**Problem description**
From the entries below, print exactly the span beginning with the line holding "Vestido de Sudadera" and ending with the line holding "同仁堂(TRT)同仁堂灵芝三七绞股蓝茶清脂茶降血脂胆固醇甘油三脂高的专用 3盒/18贴疗程装 实付2盒钱", endpoints included, and skip any pictures.

**Records provided**
++++++++++++++++++++

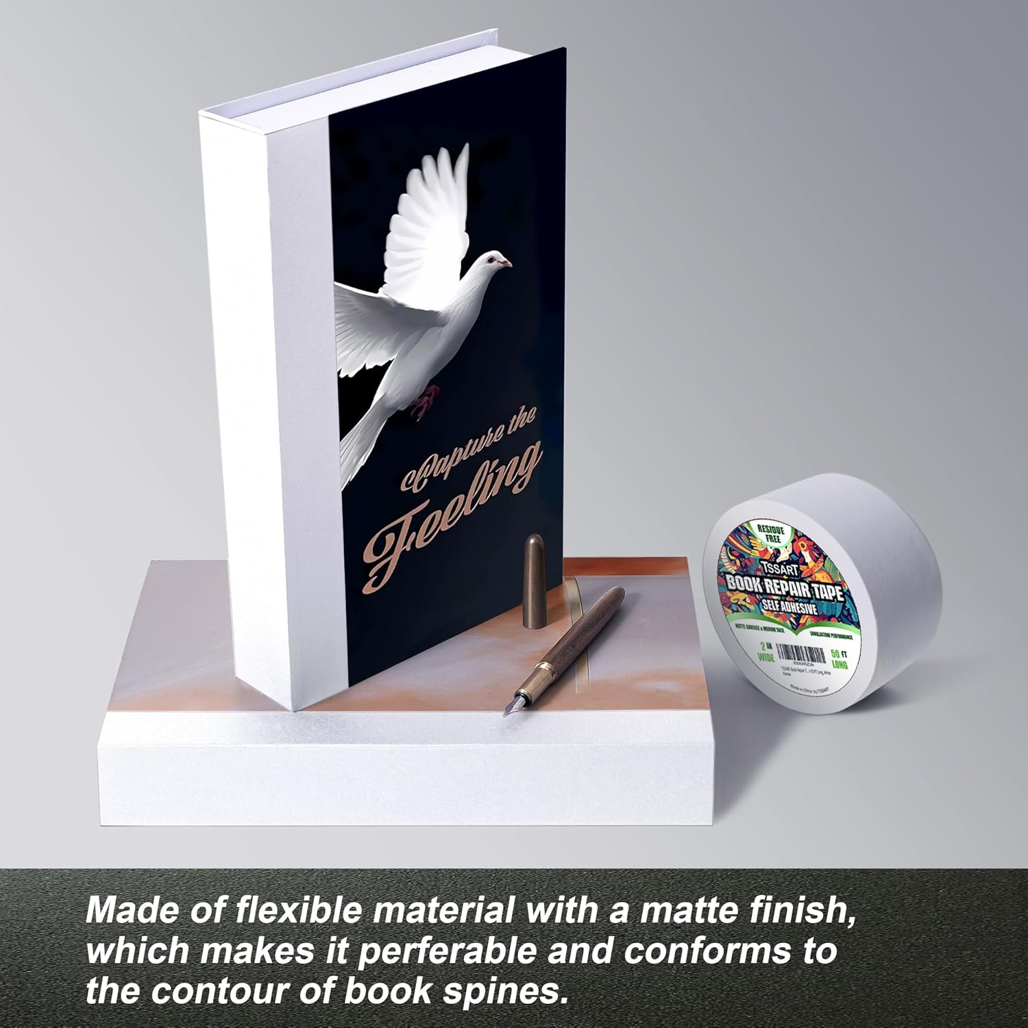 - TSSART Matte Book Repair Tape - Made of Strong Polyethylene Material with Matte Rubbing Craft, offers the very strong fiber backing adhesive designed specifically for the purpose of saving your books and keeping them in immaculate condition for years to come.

++++++++++++++++++++

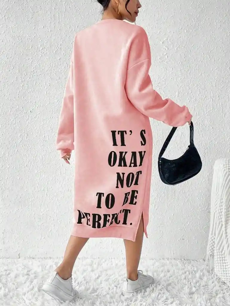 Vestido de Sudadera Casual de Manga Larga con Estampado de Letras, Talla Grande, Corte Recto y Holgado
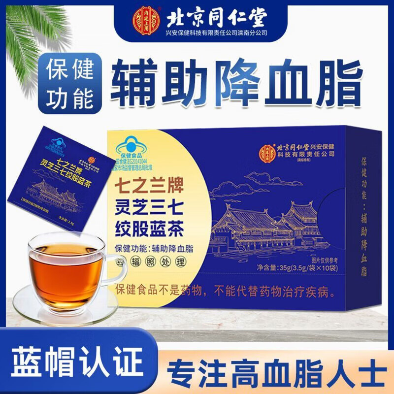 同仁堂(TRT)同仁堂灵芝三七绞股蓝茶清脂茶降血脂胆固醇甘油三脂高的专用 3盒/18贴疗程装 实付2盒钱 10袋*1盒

++++++++++++++++++++

**Answer**
 Vestido de Sudadera Casual de Manga Larga con Estampado de Letras, Talla Grande, Corte Recto y Holgado
 同仁堂(TRT)同仁堂灵芝三七绞股蓝茶清脂茶降血脂胆固醇甘油三脂高的专用 3盒/18贴疗程装 实付2盒钱 10袋*1盒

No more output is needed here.